Battenkill Brebis – Raw Sheep’s Milk, 3 Corner Field Farm, New York
Mike thinks that all sheep’s milk cheese “tastes like an eraser” and, for this reason, I force him to try new ones whenever they present themselves. I wish I could say that this one changed his mind (honestly, I wish I could say anything had changed his mind), but what I can say is that I happily ate both of our portions. While I had not previously heard of 3 Corner Field Farm, I now know that it is a sheep dairy and farmstead creamery in the Battenkill Valley of New York (which is basically New Hampshire). Former Manhattanites Karen Weinberg and Paul Borghard bought the farm in 1990, and they’ve been doing some serious sheep work since then. Their East Friesian tenants are grazed on fresh pasture every 24 hours, exposing the sheep (and, hence, the milk) to a wide variety of forage like clover, trefoil, and wild oregano. These flavors are then reflected in the finished product, especially considering that the cheese is made from raw milk. Battenkill Brebis is a tomme-style aged cheese with stunning complexity. The milk’s savory vegetal flavors are paired with a damp stone quality imparted by 4 to 6 months of cave-aging. Despite what others may think, this delight will not soon be erased from my memory.

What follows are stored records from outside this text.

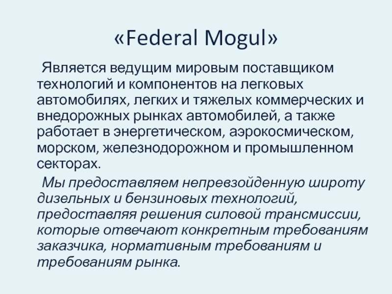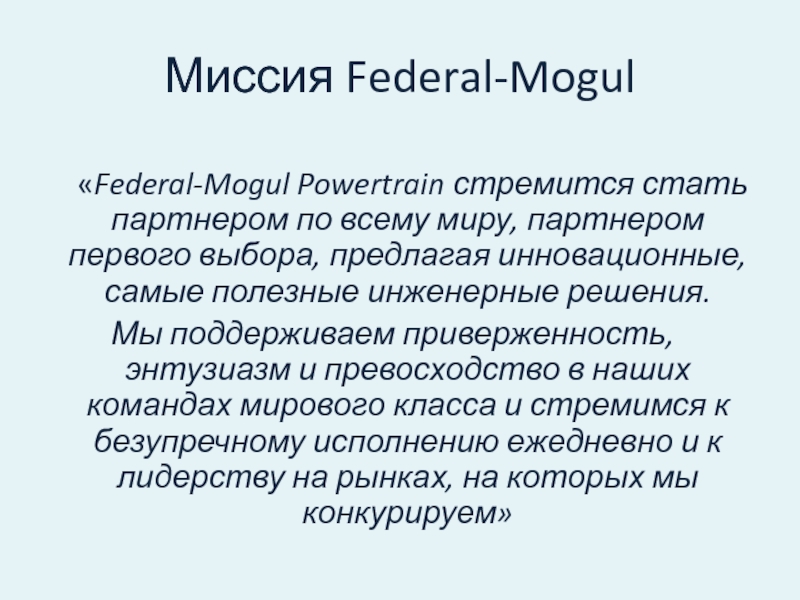 «Federal-Mogul Powertrain стремится стать партнером по всему миру, партнером первого
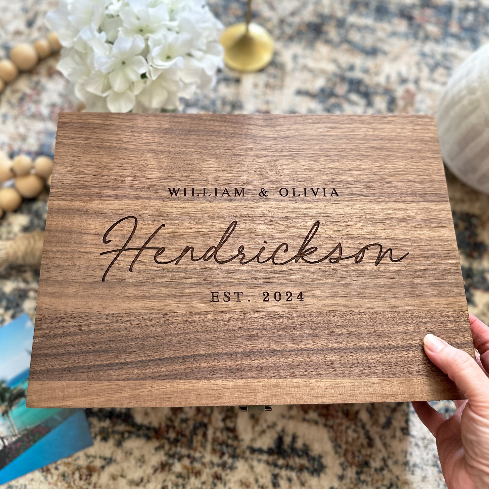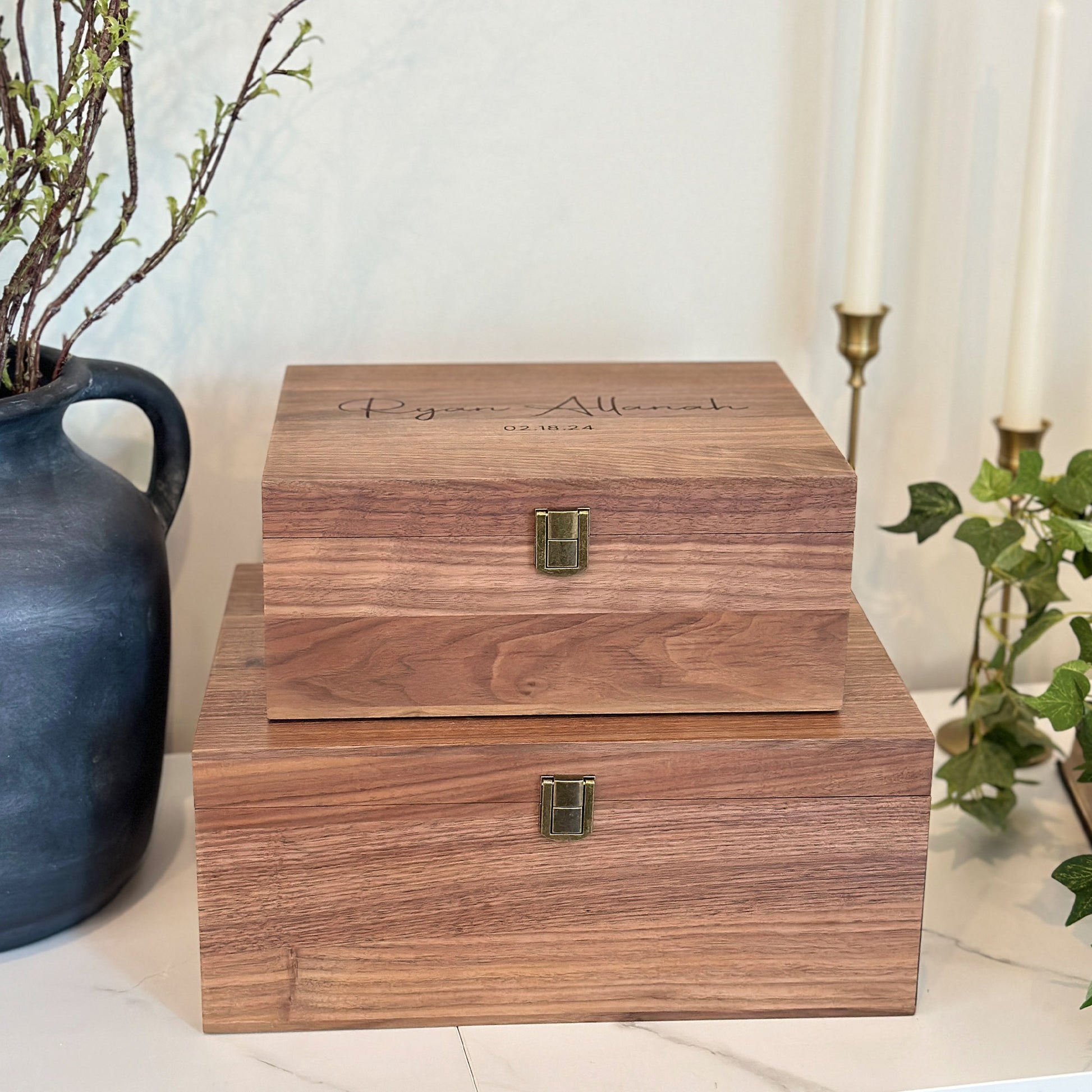 Our personalized walnut keepsake box is designed to hold your most cherished items, from photographs and letters to small mementos. What sets our keepsake box apart is the ability to customize it with names, dates, or meaningful messages, making it an ideal gift for weddings, anniversaries, graduations, or any special occasion.
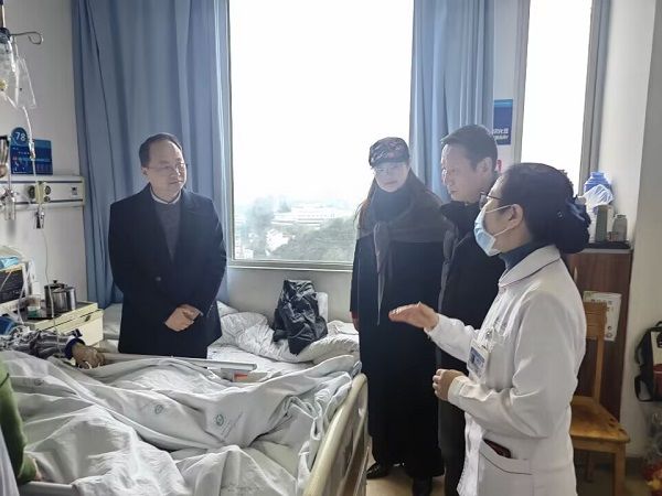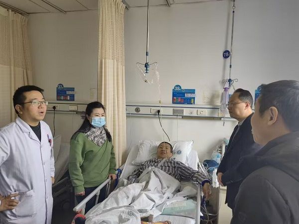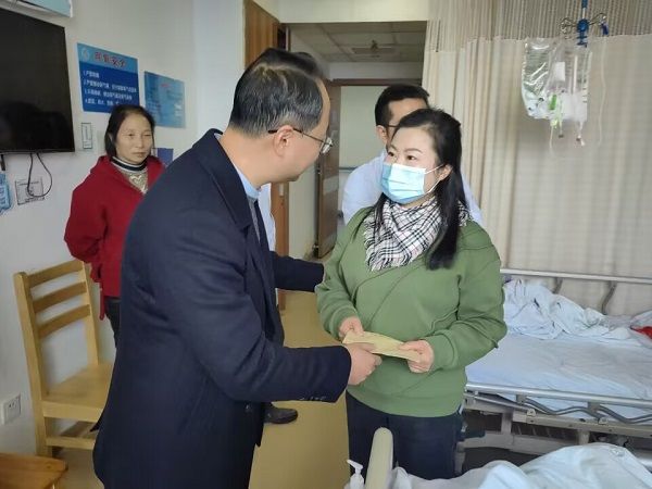 在病房中,张佳详细询问了解了黄海燕的病情及治疗情况,鼓励黄海燕老师悉心调养,积极配合治疗,保持乐观心态,争取早日康复。对黄海燕生病期间一直承担其照料任务的黄海燕妹妹也给予关心慰问。
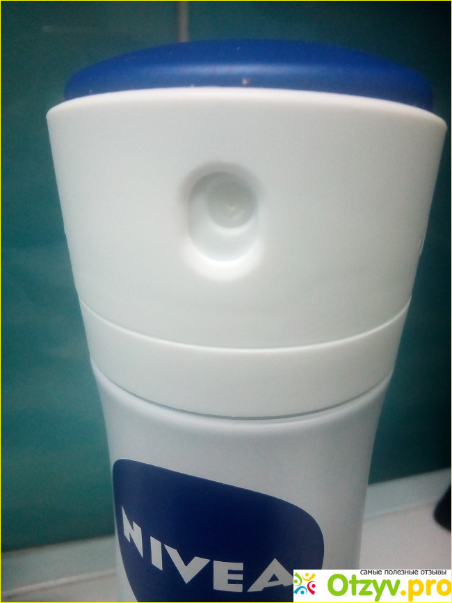 синей упаковке. Белый баллончик с синей кнопкой, с крутящейся крышкой, что очень удобно.
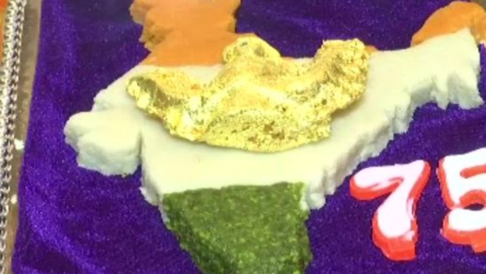 75 -ാമത് സ്വാതന്ത്ര്യദിനം ആഘോഷിക്കുന്ന രാജ്യത്തിനുളള ഉപഹാരമാണ് ഞങ്ങളുടെ മധുരപലഹാരങ്ങളിൽ അടങ്ങിയിരിക്കുന്നത്. ഇന്ത്യയുടെ ഭൂപടത്തിന്റെ ആകൃതിയിൽ തീർത്ത പലഹാരത്തിൽ പുരാതന ഭാരതത്തിന്റെ സമൃദ്ധിയെ സൂചിപ്പിക്കാൻ സ്വർണ്ണക്കുരുവിയെയും ചേർത്തിട്ടുണ്ട്.
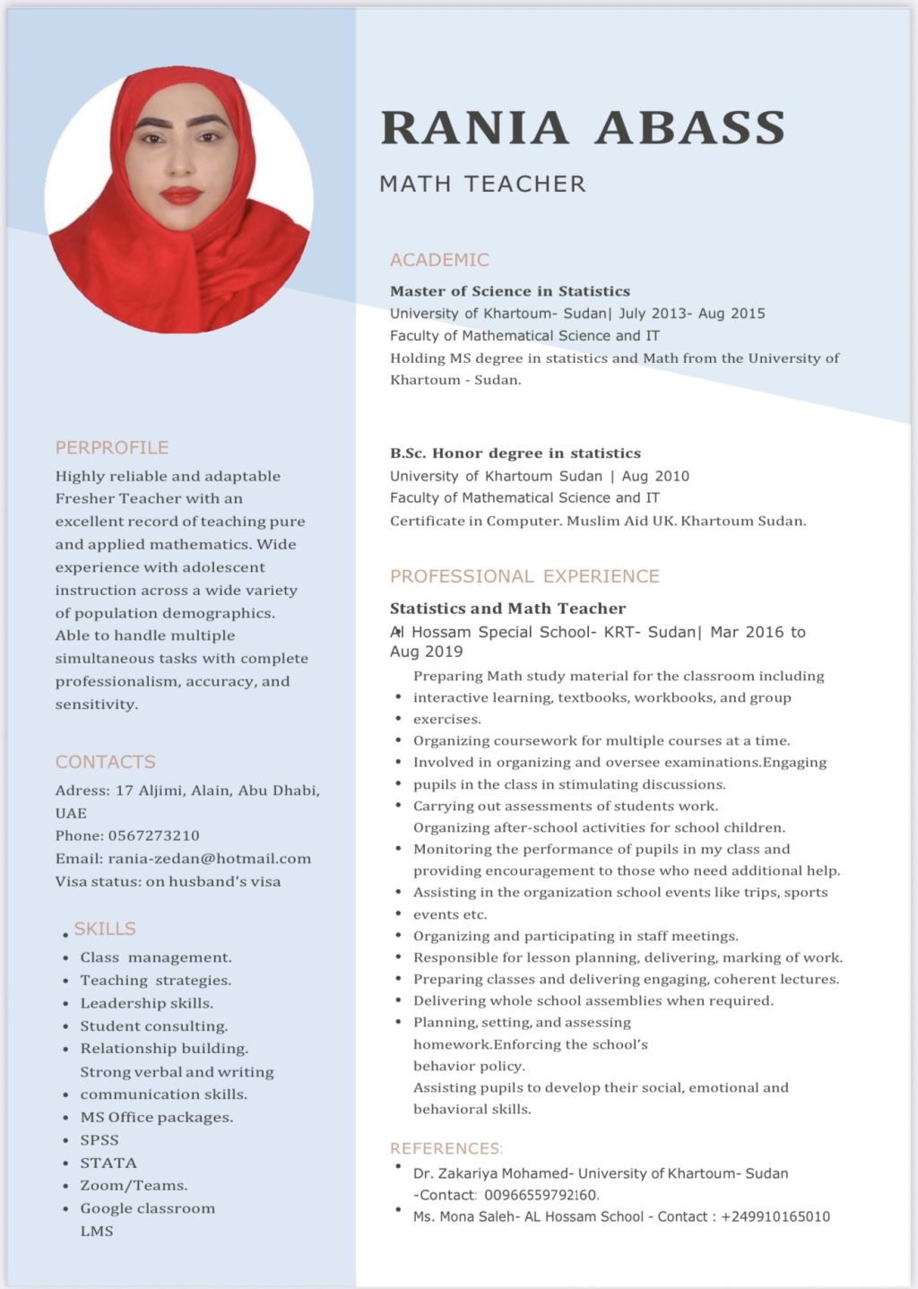 معلمة حاصلة على درجة الماجستير في الرياضيات أقوم بتدريس جميع المراحل والمناهج الحكومية والعسكرية والتطبيقية والبريطانية والأمريكية، وتدريس المراحل الجامعية لمواد الكالكلوس والمعادلات التفاضلية والجبر ود سيكوريت ماث

Vermilion River Blue – Raw Cow’s Milk, Ludwig Farmstead Creamery, Illinois
Remember when I said that I sat down to eat cheese “like the consumer I am at heart”? Well, you can take the girl out from behind the cheese counter, but you can’t take the ‘monger out of the girl. One taste of Vermilion Blue, and I was overcome by the urge to just sell the hell out of it. Memorable name? Check. Semi-soft kid-friendly texture? Check. Little-to-no evident blue veining and a flavor mild enough to trick unsuspecting blue-phobics? Check and check! Damn, I want to throw on that apron and sling this stuff all day. The cheesemakers at Ludwig Farmstead Creamery have a money-maker on their hands with this raw Holstein cow’s milk “triple creme” but…do I like it? That is, quite honestly, hard to say. At the risk of sounding like a total jerk, the qualities that make this cheese so easy to sell are the same qualities that give me pause. Shouldn’t a self-described triple creme actually be creamy? Shouldn’t a raw milk blue be absolutely bursting with flavor? I didn’t get any of that with this cheese, but I did get to try a new (to me) crowd-pleaser. And, for the record, Mikey liked it.